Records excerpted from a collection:
····················

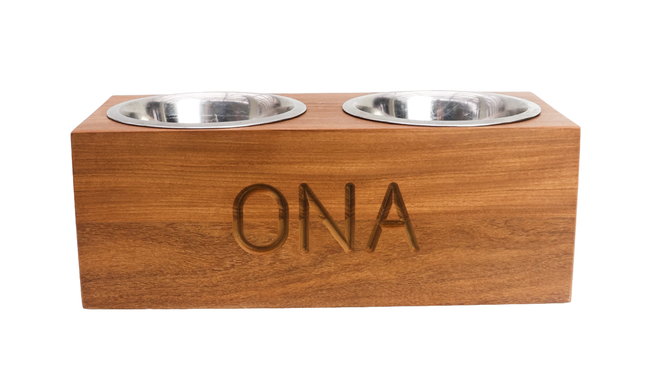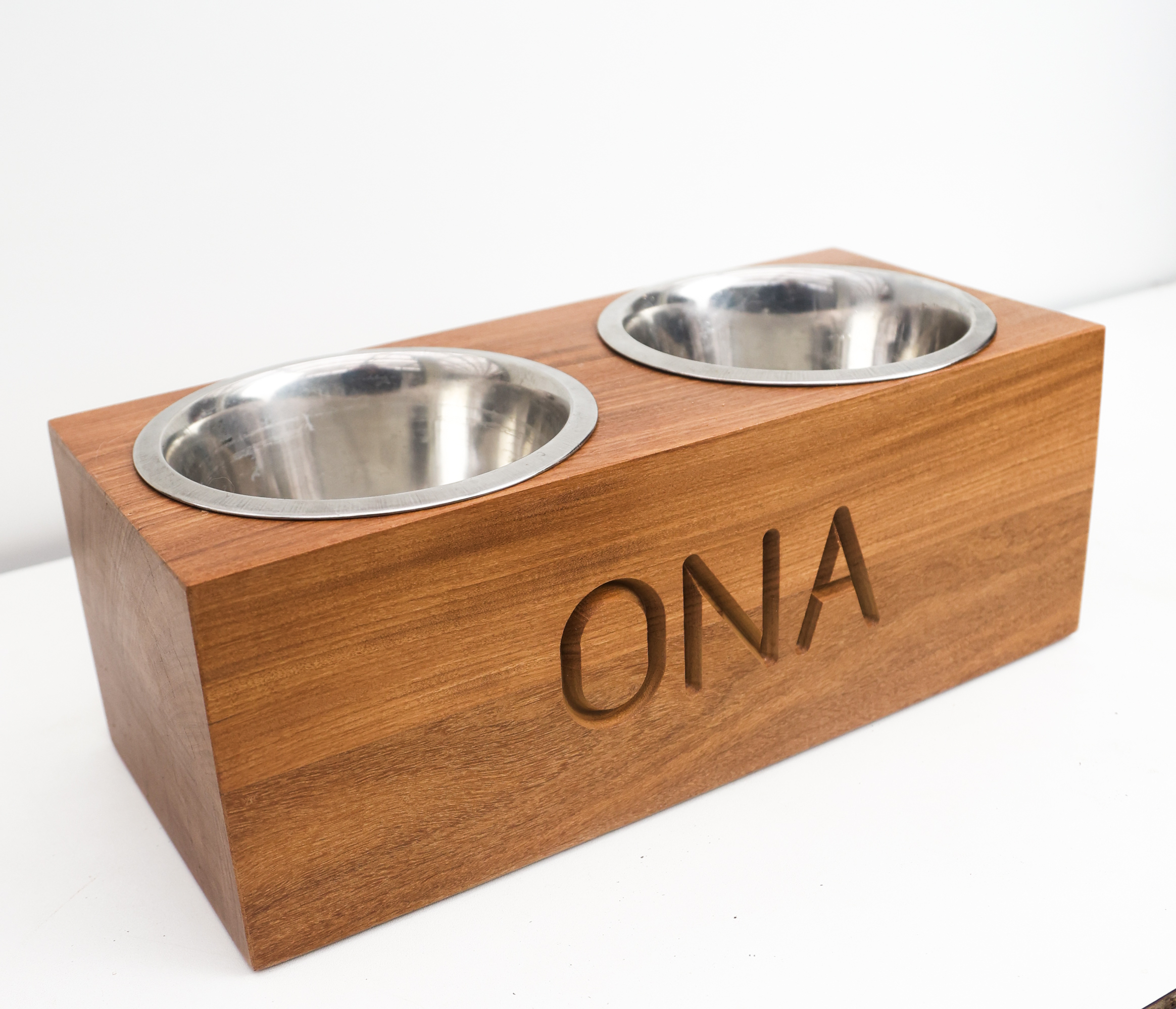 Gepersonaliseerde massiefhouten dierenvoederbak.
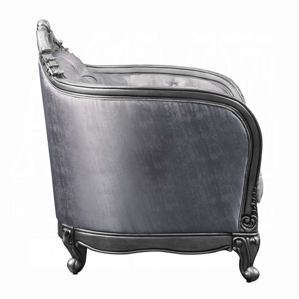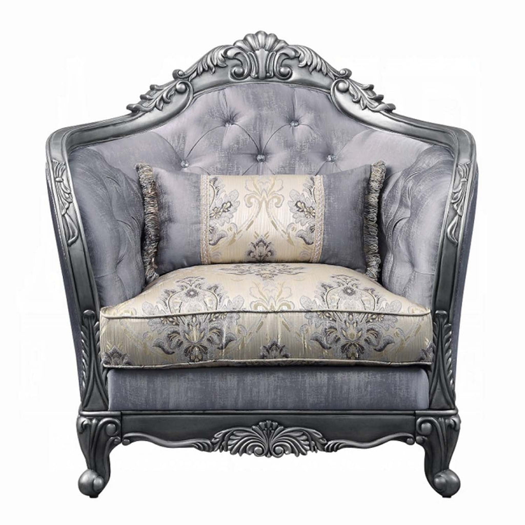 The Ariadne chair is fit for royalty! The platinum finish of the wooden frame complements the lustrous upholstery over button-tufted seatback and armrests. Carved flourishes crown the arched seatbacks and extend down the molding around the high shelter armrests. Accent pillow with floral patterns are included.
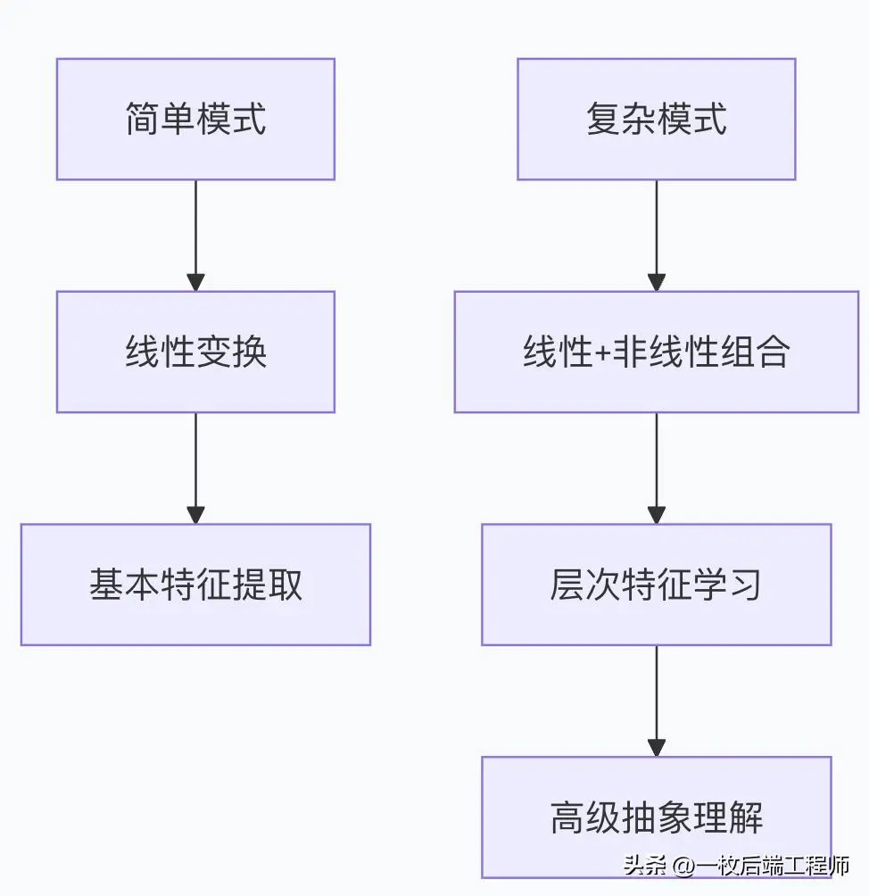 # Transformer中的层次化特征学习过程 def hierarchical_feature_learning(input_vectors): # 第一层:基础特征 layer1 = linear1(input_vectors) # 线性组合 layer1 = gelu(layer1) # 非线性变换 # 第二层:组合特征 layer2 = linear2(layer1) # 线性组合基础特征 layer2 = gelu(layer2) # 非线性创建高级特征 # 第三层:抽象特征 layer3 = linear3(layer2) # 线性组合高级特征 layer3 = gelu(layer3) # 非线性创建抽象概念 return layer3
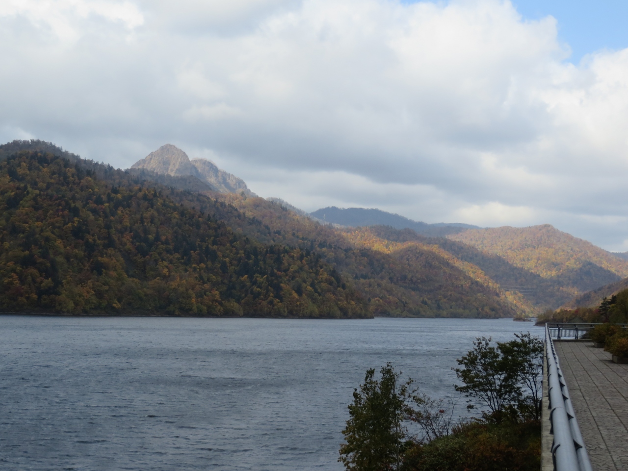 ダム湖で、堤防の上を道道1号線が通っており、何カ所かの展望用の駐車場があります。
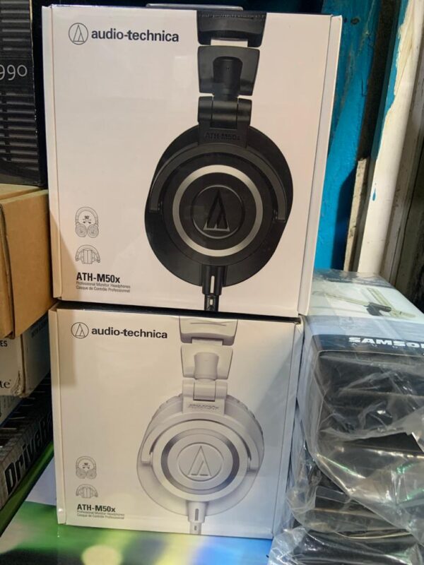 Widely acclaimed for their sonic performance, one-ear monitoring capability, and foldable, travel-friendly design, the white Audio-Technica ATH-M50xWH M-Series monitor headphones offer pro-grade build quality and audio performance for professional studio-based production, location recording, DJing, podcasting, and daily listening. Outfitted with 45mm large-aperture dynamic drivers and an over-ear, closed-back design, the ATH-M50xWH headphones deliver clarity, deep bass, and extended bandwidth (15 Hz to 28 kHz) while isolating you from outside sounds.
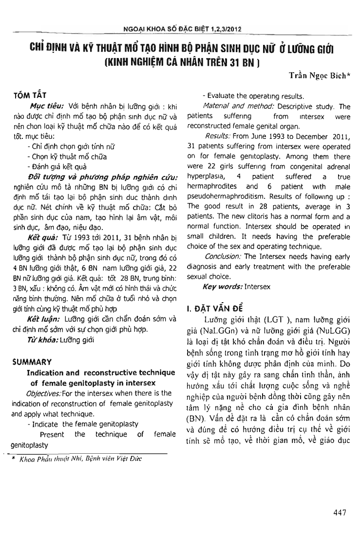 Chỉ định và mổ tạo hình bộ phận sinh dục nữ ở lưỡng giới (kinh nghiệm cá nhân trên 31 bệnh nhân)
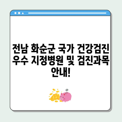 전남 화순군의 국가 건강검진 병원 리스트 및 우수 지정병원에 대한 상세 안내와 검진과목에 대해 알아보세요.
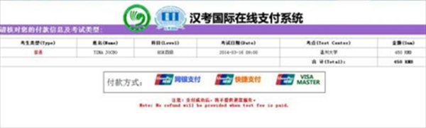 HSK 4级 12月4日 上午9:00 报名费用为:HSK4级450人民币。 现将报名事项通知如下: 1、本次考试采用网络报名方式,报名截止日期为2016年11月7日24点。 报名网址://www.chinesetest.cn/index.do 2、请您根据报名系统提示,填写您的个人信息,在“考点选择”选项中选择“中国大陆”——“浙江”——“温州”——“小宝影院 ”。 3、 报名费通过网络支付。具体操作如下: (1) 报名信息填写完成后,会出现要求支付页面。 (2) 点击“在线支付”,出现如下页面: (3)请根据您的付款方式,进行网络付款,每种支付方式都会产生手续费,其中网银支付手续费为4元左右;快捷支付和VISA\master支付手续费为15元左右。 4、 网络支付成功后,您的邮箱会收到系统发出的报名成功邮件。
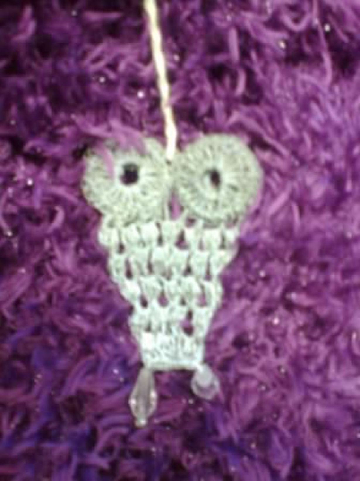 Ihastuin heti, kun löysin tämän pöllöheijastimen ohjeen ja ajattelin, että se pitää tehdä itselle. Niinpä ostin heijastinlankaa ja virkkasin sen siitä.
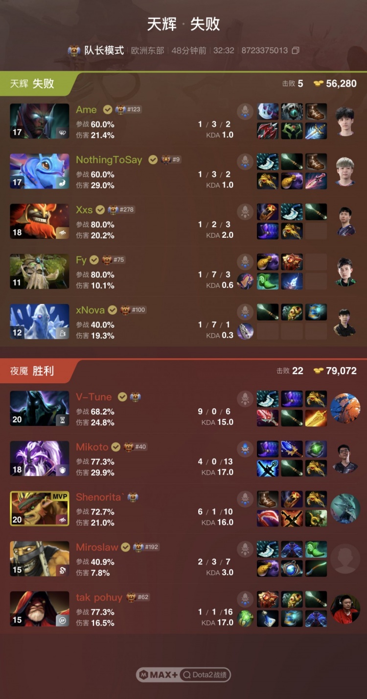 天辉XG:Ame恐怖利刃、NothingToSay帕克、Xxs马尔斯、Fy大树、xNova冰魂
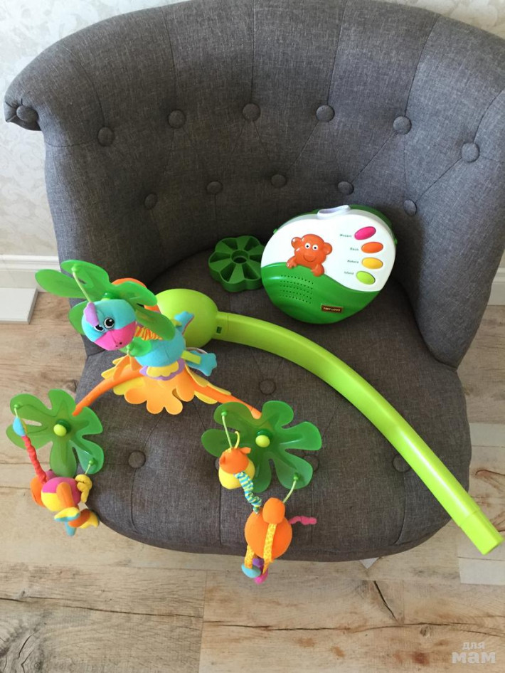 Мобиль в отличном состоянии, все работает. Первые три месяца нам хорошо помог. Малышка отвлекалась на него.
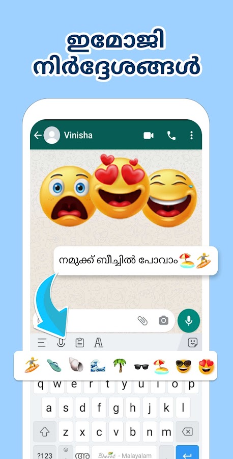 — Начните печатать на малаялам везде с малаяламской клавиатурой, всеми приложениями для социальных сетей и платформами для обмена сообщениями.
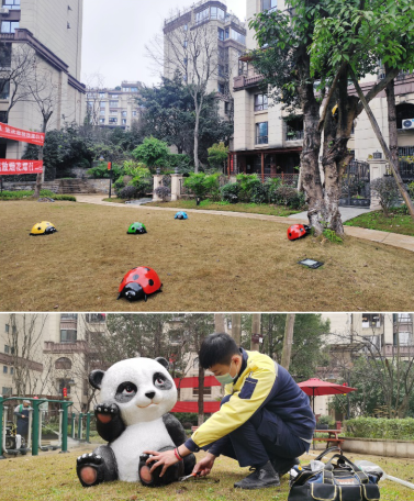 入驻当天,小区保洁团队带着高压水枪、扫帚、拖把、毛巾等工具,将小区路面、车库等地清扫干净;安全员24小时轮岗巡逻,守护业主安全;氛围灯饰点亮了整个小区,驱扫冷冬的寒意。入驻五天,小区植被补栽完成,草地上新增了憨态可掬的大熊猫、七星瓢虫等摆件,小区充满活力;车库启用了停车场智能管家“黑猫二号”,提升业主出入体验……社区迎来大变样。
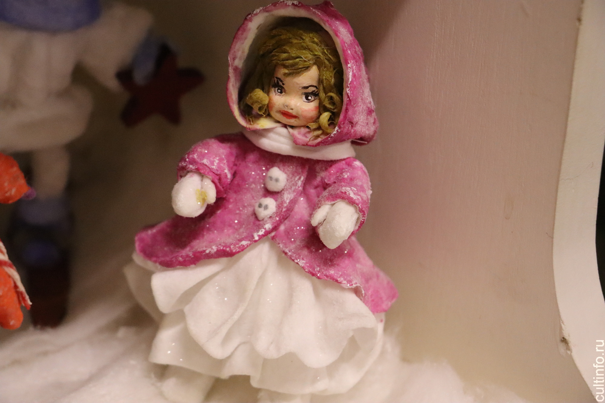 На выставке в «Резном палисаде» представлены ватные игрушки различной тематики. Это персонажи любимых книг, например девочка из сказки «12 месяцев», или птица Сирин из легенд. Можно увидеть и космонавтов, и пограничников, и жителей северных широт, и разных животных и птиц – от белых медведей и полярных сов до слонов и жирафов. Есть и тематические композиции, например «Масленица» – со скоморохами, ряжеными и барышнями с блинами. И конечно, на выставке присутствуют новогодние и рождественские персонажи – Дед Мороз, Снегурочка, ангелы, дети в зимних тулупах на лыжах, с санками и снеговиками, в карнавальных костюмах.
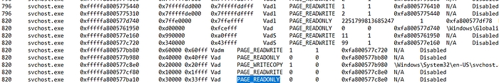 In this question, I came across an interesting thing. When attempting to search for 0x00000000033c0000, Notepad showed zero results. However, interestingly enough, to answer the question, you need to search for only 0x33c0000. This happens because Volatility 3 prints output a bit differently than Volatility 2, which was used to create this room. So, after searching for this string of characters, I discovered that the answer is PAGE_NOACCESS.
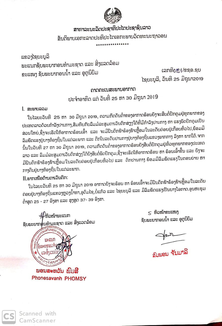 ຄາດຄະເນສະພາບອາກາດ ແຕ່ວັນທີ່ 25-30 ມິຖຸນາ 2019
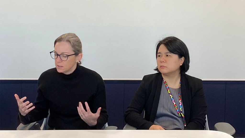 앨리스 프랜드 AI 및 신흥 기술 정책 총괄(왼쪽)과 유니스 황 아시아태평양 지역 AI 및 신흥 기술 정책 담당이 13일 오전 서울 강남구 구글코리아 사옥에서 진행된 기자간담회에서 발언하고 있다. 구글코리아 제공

····················

Exercise requirements:
Copy every line above exactly; images stay out.

Task response:
 Gepersonaliseerde massiefhouten dierenvoederbak.
 The Ariadne chair is fit for royalty! The platinum finish of the wooden frame complements the lustrous upholstery over button-tufted seatback and armrests. Carved flourishes crown the arched seatbacks and extend down the molding around the high shelter armrests. Accent pillow with floral patterns are included.
 # Transformer中的层次化特征学习过程 def hierarchical_feature_learning(input_vectors): # 第一层:基础特征 layer1 = linear1(input_vectors) # 线性组合 layer1 = gelu(layer1) # 非线性变换 # 第二层:组合特征 layer2 = linear2(layer1) # 线性组合基础特征 layer2 = gelu(layer2) # 非线性创建高级特征 # 第三层:抽象特征 layer3 = linear3(layer2) # 线性组合高级特征 layer3 = gelu(layer3) # 非线性创建抽象概念 return layer3
 ダム湖で、堤防の上を道道1号線が通っており、何カ所かの展望用の駐車場があります。
 Widely acclaimed for their sonic performance, one-ear monitoring capability, and foldable, travel-friendly design, the white Audio-Technica ATH-M50xWH M-Series monitor headphones offer pro-grade build quality and audio performance for professional studio-based production, location recording, DJing, podcasting, and daily listening. Outfitted with 45mm large-aperture dynamic drivers and an over-ear, closed-back design, the ATH-M50xWH headphones deliver clarity, deep bass, and extended bandwidth (15 Hz to 28 kHz) while isolating you from outside sounds.
 Chỉ định và mổ tạo hình bộ phận sinh dục nữ ở lưỡng giới (kinh nghiệm cá nhân trên 31 bệnh nhân)
 전남 화순군의 국가 건강검진 병원 리스트 및 우수 지정병원에 대한 상세 안내와 검진과목에 대해 알아보세요.
 HSK 4级 12月4日 上午9:00 报名费用为:HSK4级450人民币。 现将报名事项通知如下: 1、本次考试采用网络报名方式,报名截止日期为2016年11月7日24点。 报名网址://www.chinesetest.cn/index.do 2、请您根据报名系统提示,填写您的个人信息,在“考点选择”选项中选择“中国大陆”——“浙江”——“温州”——“小宝影院 ”。 3、 报名费通过网络支付。具体操作如下: (1) 报名信息填写完成后,会出现要求支付页面。 (2) 点击“在线支付”,出现如下页面: (3)请根据您的付款方式,进行网络付款,每种支付方式都会产生手续费,其中网银支付手续费为4元左右;快捷支付和VISA\master支付手续费为15元左右。 4、 网络支付成功后,您的邮箱会收到系统发出的报名成功邮件。
 Ihastuin heti, kun löysin tämän pöllöheijastimen ohjeen ja ajattelin, että se pitää tehdä itselle. Niinpä ostin heijastinlankaa ja virkkasin sen siitä.
 天辉XG:Ame恐怖利刃、NothingToSay帕克、Xxs马尔斯、Fy大树、xNova冰魂
 Мобиль в отличном состоянии, все работает. Первые три месяца нам хорошо помог. Малышка отвлекалась на него.
 — Начните печатать на малаялам везде с малаяламской клавиатурой, всеми приложениями для социальных сетей и платформами для обмена сообщениями.
 入驻当天,小区保洁团队带着高压水枪、扫帚、拖把、毛巾等工具,将小区路面、车库等地清扫干净;安全员24小时轮岗巡逻,守护业主安全;氛围灯饰点亮了整个小区,驱扫冷冬的寒意。入驻五天,小区植被补栽完成,草地上新增了憨态可掬的大熊猫、七星瓢虫等摆件,小区充满活力;车库启用了停车场智能管家“黑猫二号”,提升业主出入体验……社区迎来大变样。
 На выставке в «Резном палисаде» представлены ватные игрушки различной тематики. Это персонажи любимых книг, например девочка из сказки «12 месяцев», или птица Сирин из легенд. Можно увидеть и космонавтов, и пограничников, и жителей северных широт, и разных животных и птиц – от белых медведей и полярных сов до слонов и жирафов. Есть и тематические композиции, например «Масленица» – со скоморохами, ряжеными и барышнями с блинами. И конечно, на выставке присутствуют новогодние и рождественские персонажи – Дед Мороз, Снегурочка, ангелы, дети в зимних тулупах на лыжах, с санками и снеговиками, в карнавальных костюмах.
 In this question, I came across an interesting thing. When attempting to search for 0x00000000033c0000, Notepad showed zero results. However, interestingly enough, to answer the question, you need to search for only 0x33c0000. This happens because Volatility 3 prints output a bit differently than Volatility 2, which was used to create this room. So, after searching for this string of characters, I discovered that the answer is PAGE_NOACCESS.
 ຄາດຄະເນສະພາບອາກາດ ແຕ່ວັນທີ່ 25-30 ມິຖຸນາ 2019
 앨리스 프랜드 AI 및 신흥 기술 정책 총괄(왼쪽)과 유니스 황 아시아태평양 지역 AI 및 신흥 기술 정책 담당이 13일 오전 서울 강남구 구글코리아 사옥에서 진행된 기자간담회에서 발언하고 있다. 구글코리아 제공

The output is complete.